Bradley proves herself sensitive to the double bind of addiction and incarceration throughout her documentary, which follows Sibil Fox Richardson’s efforts to free her husband from prison. Bradley never pathologizes Richardson, as Daniels does with Holiday. Instead, she uses Richardson’s quest for her husband’s freedom to document the grinding cruelty of the prison industrial complex. The quotidian violence documented in Time serves as a bookend to the spectacular nine-minute cell phone documentary plastered across the news in May 2020 that transfixed the nation and the world. Grappling with Time might actually offer ways to begin reckoning with systemic racism in America.
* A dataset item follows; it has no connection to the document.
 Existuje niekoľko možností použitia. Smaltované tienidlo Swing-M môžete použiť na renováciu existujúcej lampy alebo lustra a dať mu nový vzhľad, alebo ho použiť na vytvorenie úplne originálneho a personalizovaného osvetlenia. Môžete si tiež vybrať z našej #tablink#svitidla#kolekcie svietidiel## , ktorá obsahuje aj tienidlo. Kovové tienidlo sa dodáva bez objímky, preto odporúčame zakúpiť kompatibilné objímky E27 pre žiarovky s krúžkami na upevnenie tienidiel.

Which brings us to a strange omission by the Academy. Even as the Academy recognized four feature films written and produced by Black artists, it failed to nominate any of the directors of these films. This is even more curious when one considers the other nominations these films garnered. Judas and the Black Messiah—directed by Shaka King—has been nominated for Oscars for Best Picture, Best Cinematography, Best Original Song, and Best Original Screenplay, in addition to the double nomination for Best Supporting Actor. Ma Rainey’s Black Bottom—directed by George C. Wolfe—earned three other Oscar nominations in technical categories, in addition to acting nominations for Boseman and Davis. Regina King’s One Night in Miami… garnered Best Adapted Screenplay and Best Song nominations, in addition to Leslie Odom Jr.’s recognition for Best Supporting Actor in his role as Sam Cooke. While the direction of United States vs. Billie Holiday sometimes hampers the film, it’s mystifying that none of the other three earned a directing nomination. Substituting either of the Kings for David Fincher’s overwrought work on Mank would have better reflected the quality of the films on offer in 2020 and 2021.
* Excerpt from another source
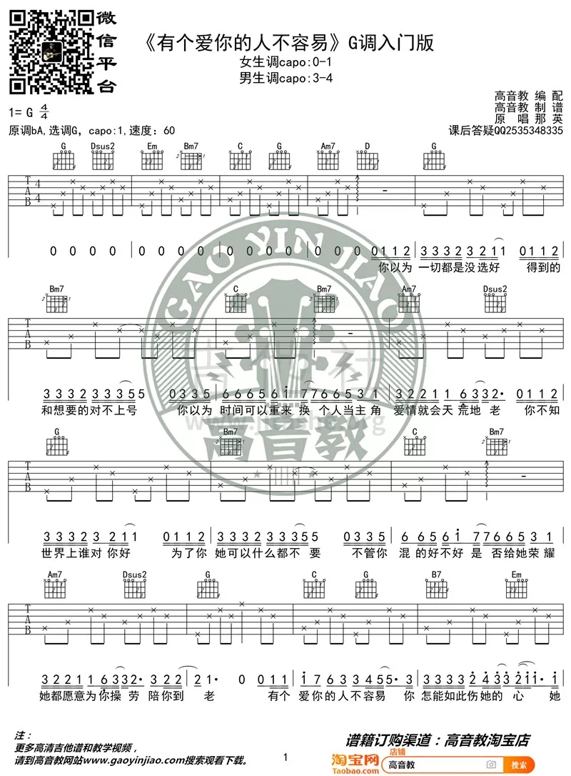 有个爱你的人不容易吉他谱 - 吉他弹唱谱

Despite this shortcoming, the 2021 Academy Awards has recognized the widest array of Black films in its history. Although this is to be celebrated, we must remember Baraka’s admonition: “People must be taught to trust true scientists (knowers, diggers, oddballs) and that the holiness of life is the constant possibility of widening the consciousness. And they must be incited to strike back against any agency that attempts to prevent this widening.” For perhaps the first time, the Oscars has used its institutional power to widen the racial consciousness not by focusing on one Black film but by drawing our attention toward the many that are worthy. Long may this continue.